Para ello, parte de un tema central, que es el motor de la obra: la envidia que el protagonista, Joaquín Monegro, siente por Abel Sánchez. Esta envidia es un reflejo del primer pecado capital que aparece en la Biblia y que llevó a Caín a matar a Abel en el Génesis. Unamuno no rehuye la referencia, sino que en esta obra articula una revisión y actualización del mito, dando origen a una de sus historias más realistas. Es más, la historia bíblica aparece mencionada en varias ocasiones en la novela.

Este enfrentamiento cainita es un tópico que a finales del siglo XIX y principios del XX sirvió como modelo para representar la lucha entre dos tipos distintos de entender España políticamente. Una idea que también nos mostraba Antonio Machado (1875-1939) en uno de sus proverbios más famosos. Aunque el poeta nos mostró también la envidia como una pasión que corría el alma del pueblo español a ojos de los intelectuales españoles en su magnífico romance La tierra de Alvargonzález, recogido en Campos de Castilla (1912), alejado de cualquier cariz político. En efecto, Unamuno ahonda a lo largo de toda esta novela en la historia de una pasión desmedida, que corroe la mente y el espíritu de Joaquín.

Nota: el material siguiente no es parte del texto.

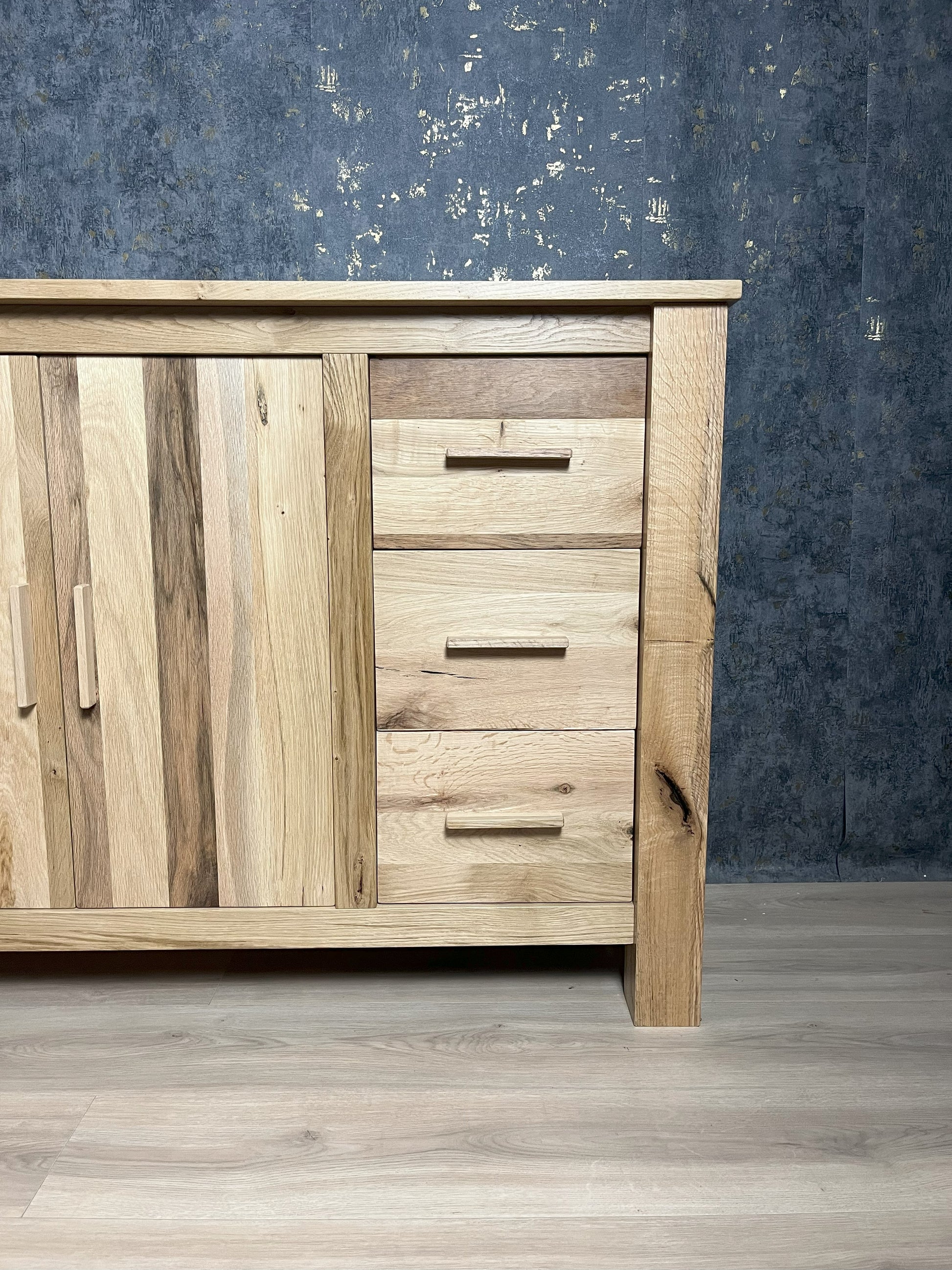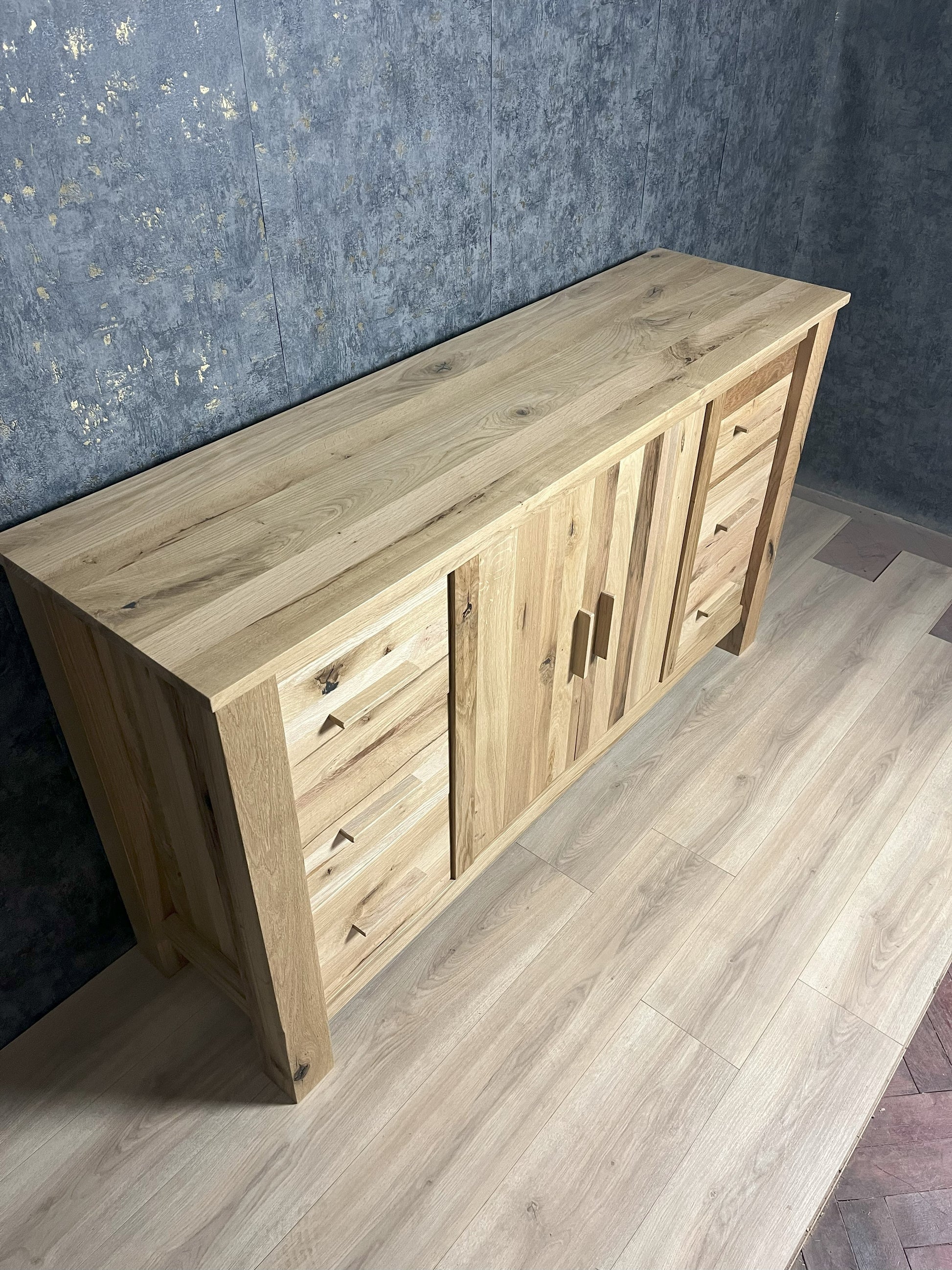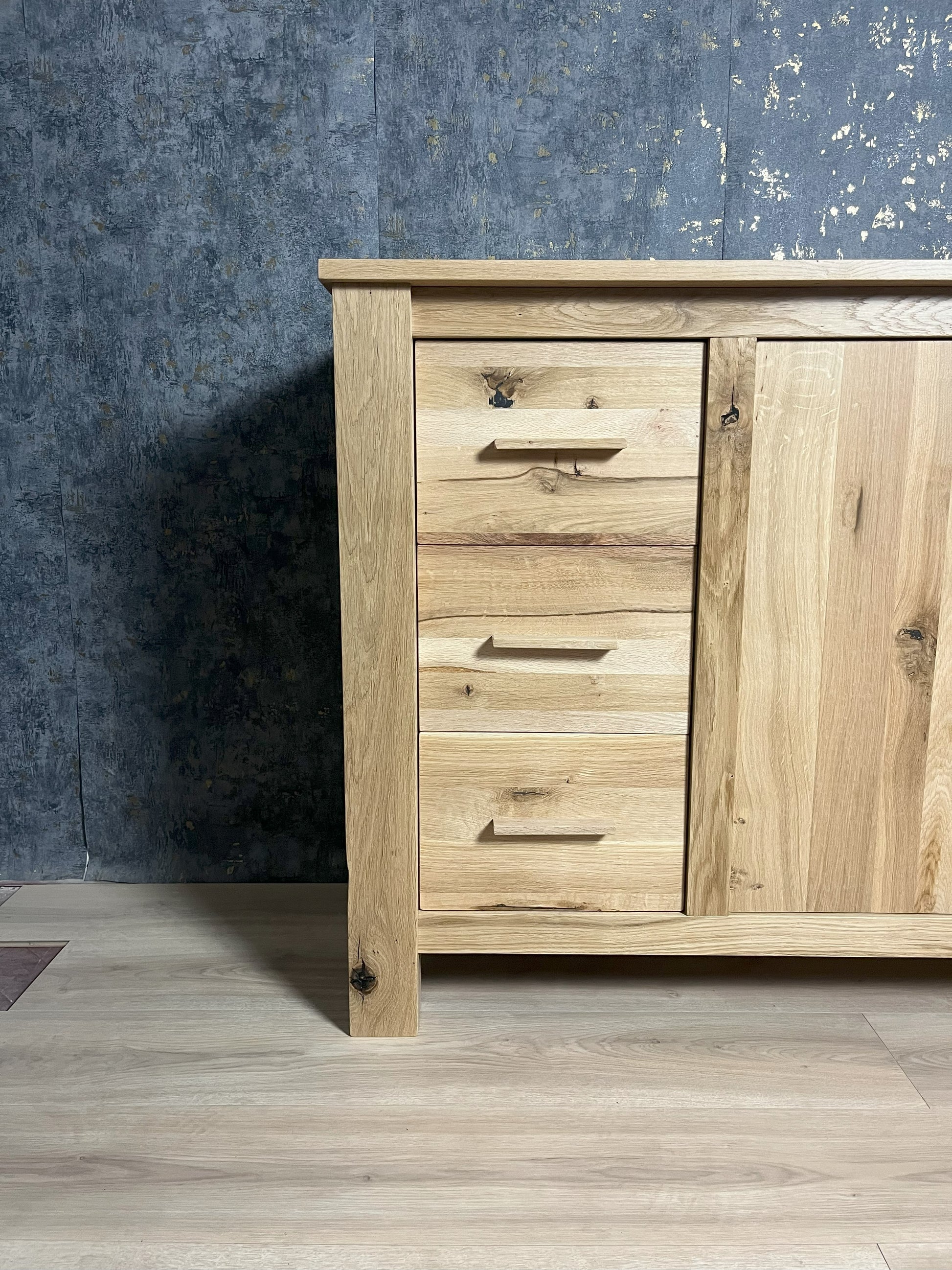 Tahle masivní komoda je vyrobena z rustikálního dubu - obsahuje suky a větší rozbarvení dřeva. Zaměřil jsem se hlavně na pevnost spojů a proto se vám tenhle kus nábytku prostě nerozpadne. Vydrží tolik stěhování, kolik jich vydržíte vy.
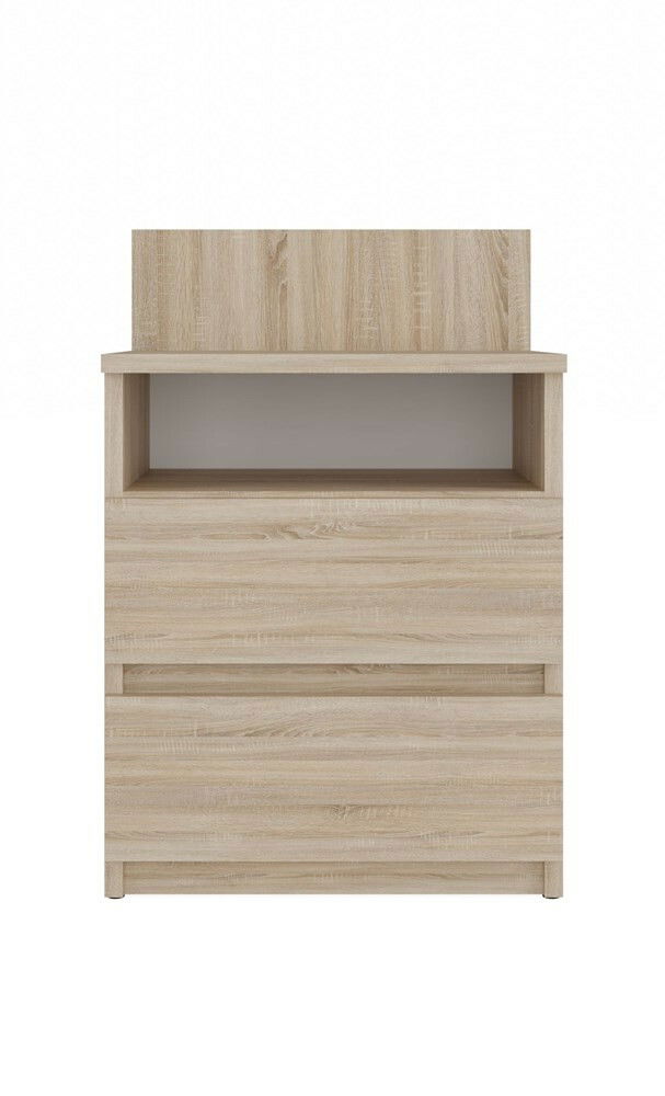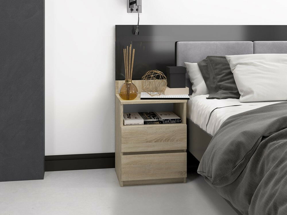 Noční stolek Musecalo 1 v elegantním provedení dub sonoma je ideálním doplňkem každé ložnice, který kombinuje moderní design s praktičností. S minimalistickou konstrukcí a bezúchytkovými frontami zásuvek poskytuje dostatek úložného prostoru pro vaše osobní věci, jako jsou brýle, knihy či mobilní telefon. Vyrobeno z kvalitní laminované dřevotřísky s ABS hranami, zaručuje vysokou odolnost a dlouhou životnost. Zásuvky na válečkových vodítkách zajišťují pohodlné a bezpečné používání. Tento noční stolek je skvělou volbou pro ty, kteří ocení spojení funkčnosti a estetiky.

Duelo a garrotazos, de Francisco de Goya (1746-1828)
Mediante el recurso del manuscrito encontrado, dando voz a su protagonista, nos muestra una confesión de tono íntimo, en el que Joaquín narra los hechos y sus reflexiones desde un futuro en que la historia ya ha concluido. Esto nos permite abordar el retrato psicológico de un individuo atormentado por la culpa, la envidia y la ira, un retrato que está inundado de pensamientos en torno al peso de la opinión ajena y a la interpretación que damos a las acciones de los demás. Es decir, en cómo podemos convertir desde nuestra óptica un hecho particular en una cuestión bondadosa o maléfica según la interpretación que queramos darle. Incluso la forma en que Joaquín proyecta en los demás los defectos que sabe que anidan en sí mismo; así, mantiene continuamente la duda de si Abel también le envidia y le odia, a pesar de que durante la novela se subraya siempre la idea de que su amigo le estimaba de verdad y no veía nunca en Joaquín la sombra de ese rencor. Sin embargo, Abel sí reconocía que detrás de la fachada fría e irónica de su amigo había un alma anclada a una pasión tremenda que le estaría devorando por dentro, dado que no era capaz de extraerla y sacarla hacia fuera, pero ignorando que él fuera la causa de esa pasión desmedida.

El punto de partida de su relación discordante era la diferencia de caracteres: mientras Abel tenía un carácter más abierto, amistoso y agradable, que provocaba la simpatía abierta de los demás, Joaquín aparecía como un ser terco, malhumorado, desprendiendo una antipatía que lo alejaba de los demás. Aunque las acciones de esta novela son nimias, dado que apenas suceden acontecimientos, encontramos pequeños hechos cotidianos a lo largo de todo una vida sobre los que se reflexionan profusamente. Como en la vida misma, no es tanto la suma de hechos, sino lo que cada uno concluye sobre lo que ha hecho y sobre lo que han hecho los demás. Por ejemplo, partimos de una breve descripción de la infancia de los personajes como seres opuestos, pero obligados a entenderse, en una amistad que les venía dada desde la cuna. Sin embargo, se atestigua ya en esa infancia que Joaquín siempre actuó en su vida en consecuencia a la figura de su amigo Abel, por entender que se mantendría inevitablemente bajo su sombra. 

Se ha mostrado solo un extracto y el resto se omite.